■ **About this exercise**
In the records below, repeat word for word only the lines starting at the one that contains "Crna haljina sa" and ending at the one that contains "If you want", pictures excluded.

■ **Records for processing**
* * * * * * *

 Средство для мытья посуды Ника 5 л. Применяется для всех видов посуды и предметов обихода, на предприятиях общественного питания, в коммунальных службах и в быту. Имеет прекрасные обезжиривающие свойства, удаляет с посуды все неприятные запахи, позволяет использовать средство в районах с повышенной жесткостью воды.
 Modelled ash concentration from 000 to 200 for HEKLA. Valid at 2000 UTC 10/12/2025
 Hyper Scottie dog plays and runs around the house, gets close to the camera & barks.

* * * * * * *

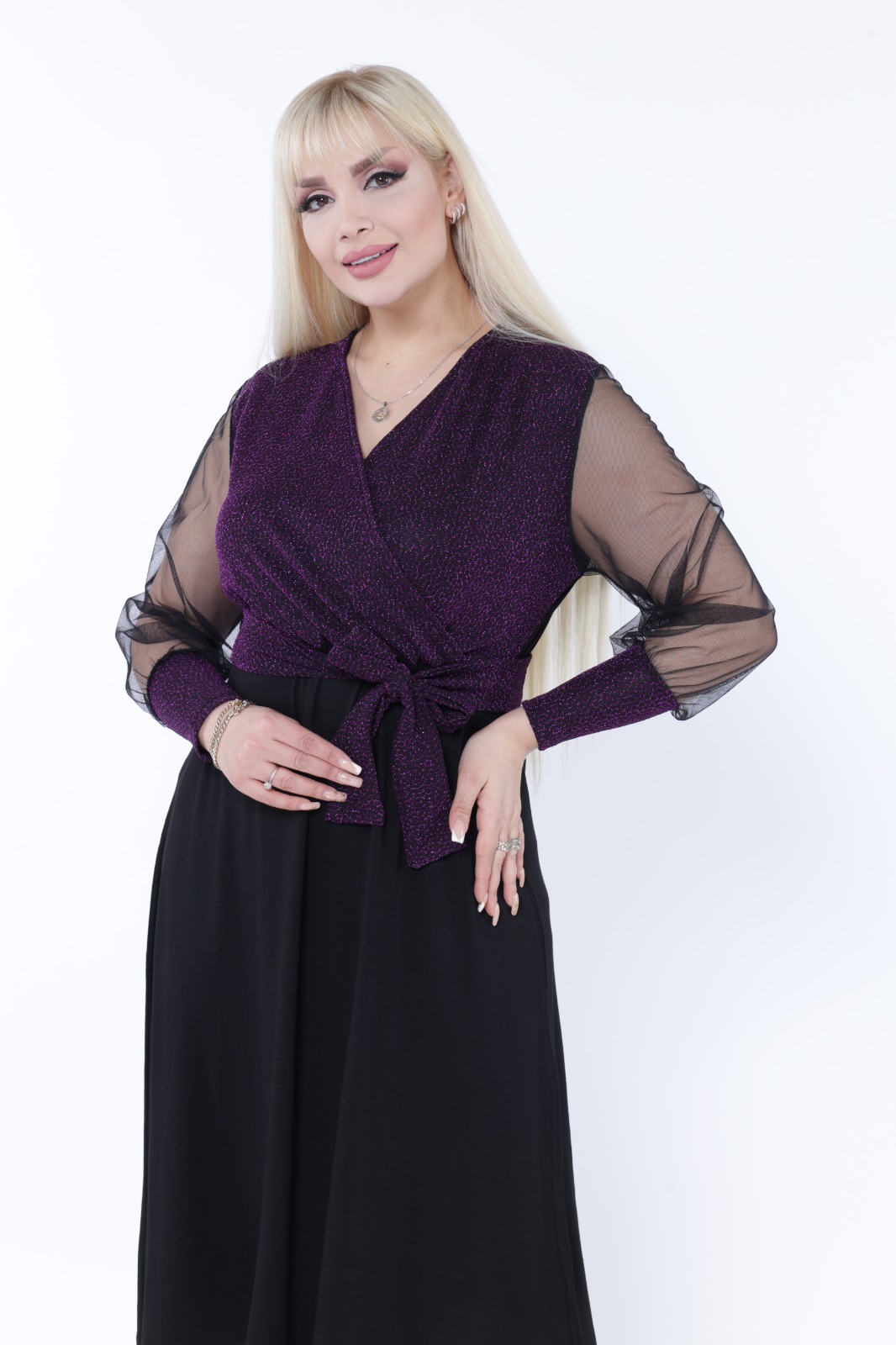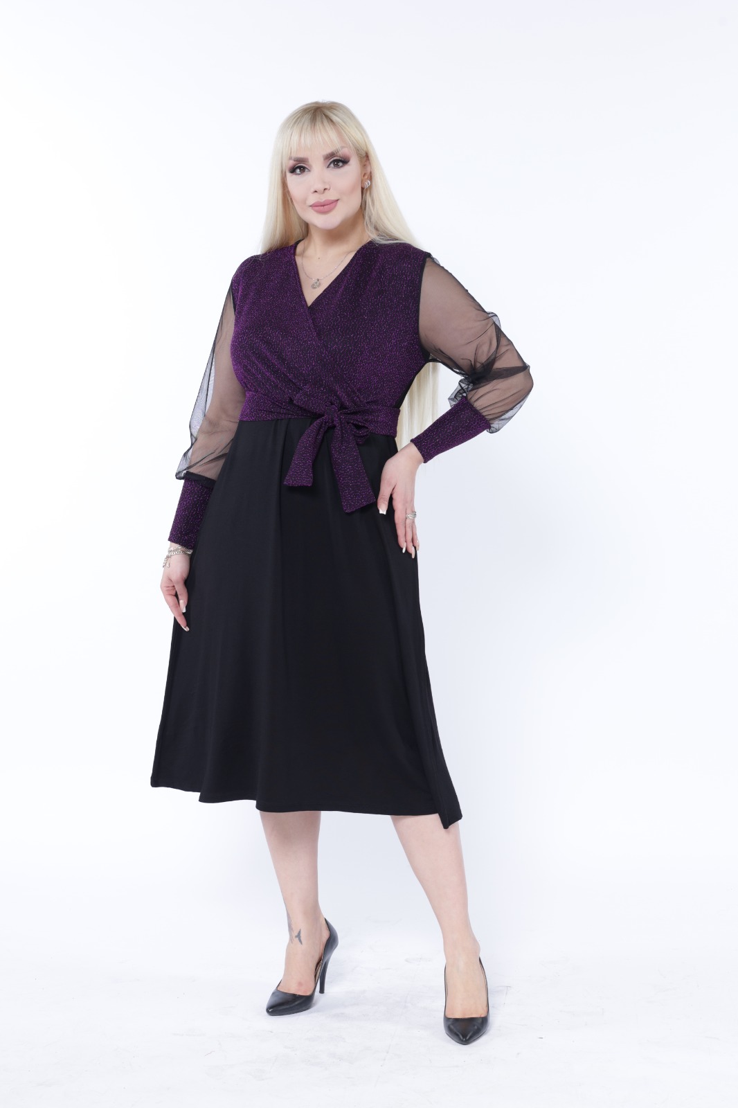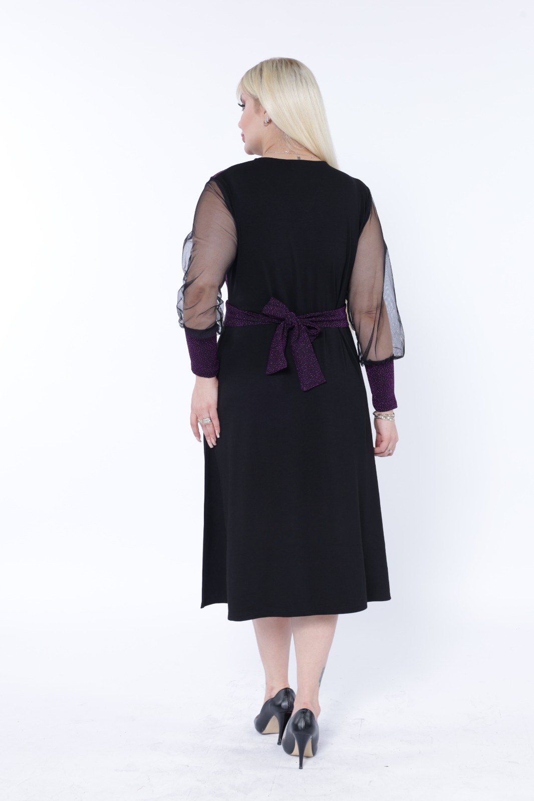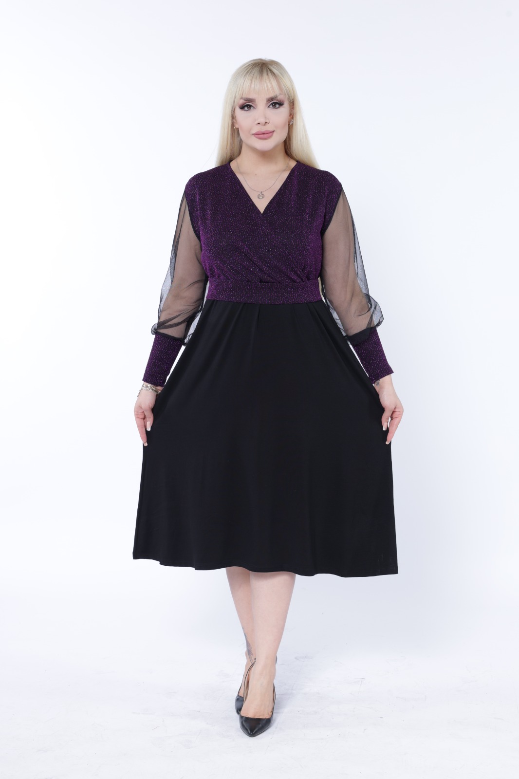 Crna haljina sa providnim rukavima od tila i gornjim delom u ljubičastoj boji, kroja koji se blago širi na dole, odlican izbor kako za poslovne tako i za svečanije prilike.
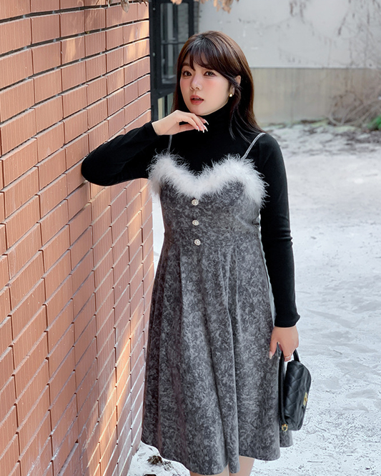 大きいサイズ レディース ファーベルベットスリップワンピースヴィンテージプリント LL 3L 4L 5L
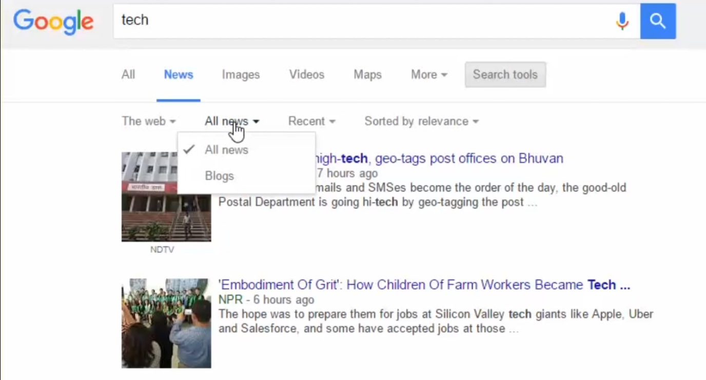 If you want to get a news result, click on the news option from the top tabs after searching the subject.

* * * * * * *

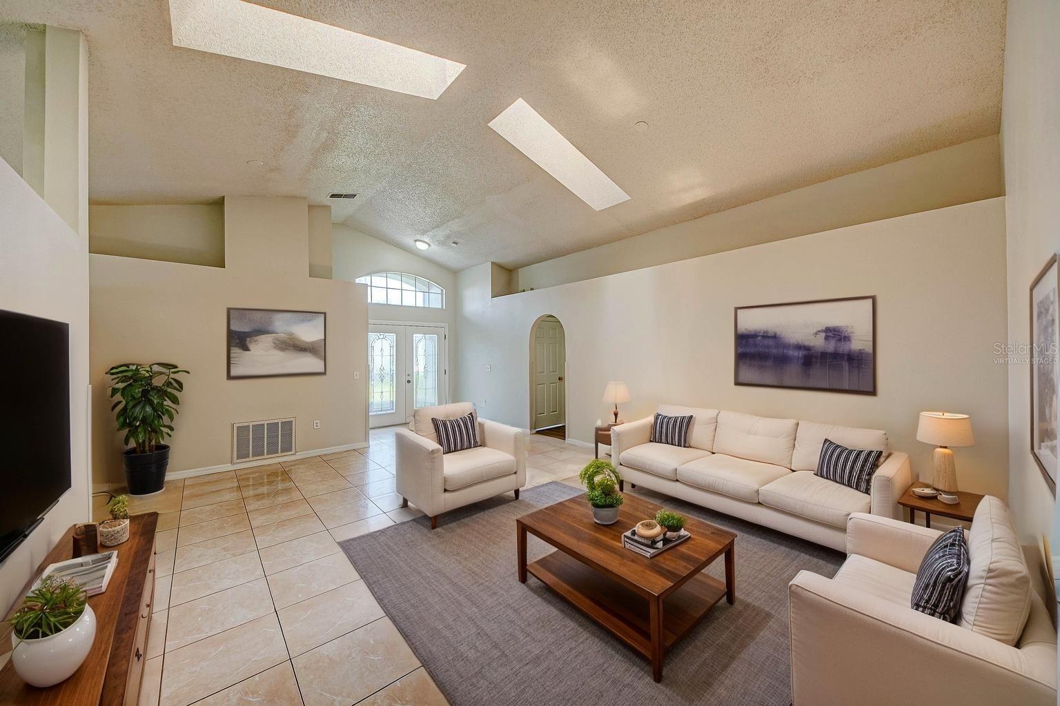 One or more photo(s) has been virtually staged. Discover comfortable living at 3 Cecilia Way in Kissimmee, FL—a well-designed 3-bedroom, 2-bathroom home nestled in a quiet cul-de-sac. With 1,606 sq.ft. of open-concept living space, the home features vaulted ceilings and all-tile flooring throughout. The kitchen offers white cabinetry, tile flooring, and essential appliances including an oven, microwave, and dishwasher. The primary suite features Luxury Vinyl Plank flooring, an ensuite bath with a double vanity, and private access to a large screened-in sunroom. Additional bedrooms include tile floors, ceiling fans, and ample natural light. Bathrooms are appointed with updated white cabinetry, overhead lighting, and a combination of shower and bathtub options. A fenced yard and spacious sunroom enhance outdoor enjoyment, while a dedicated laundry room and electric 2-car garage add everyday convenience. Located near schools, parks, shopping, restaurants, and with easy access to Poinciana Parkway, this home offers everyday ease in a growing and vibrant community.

* * * * * * *

■ **Solution for this exercise**
 Crna haljina sa providnim rukavima od tila i gornjim delom u ljubičastoj boji, kroja koji se blago širi na dole, odlican izbor kako za poslovne tako i za svečanije prilike.
 大きいサイズ レディース ファーベルベットスリップワンピースヴィンテージプリント LL 3L 4L 5L
 If you want to get a news result, click on the news option from the top tabs after searching the subject.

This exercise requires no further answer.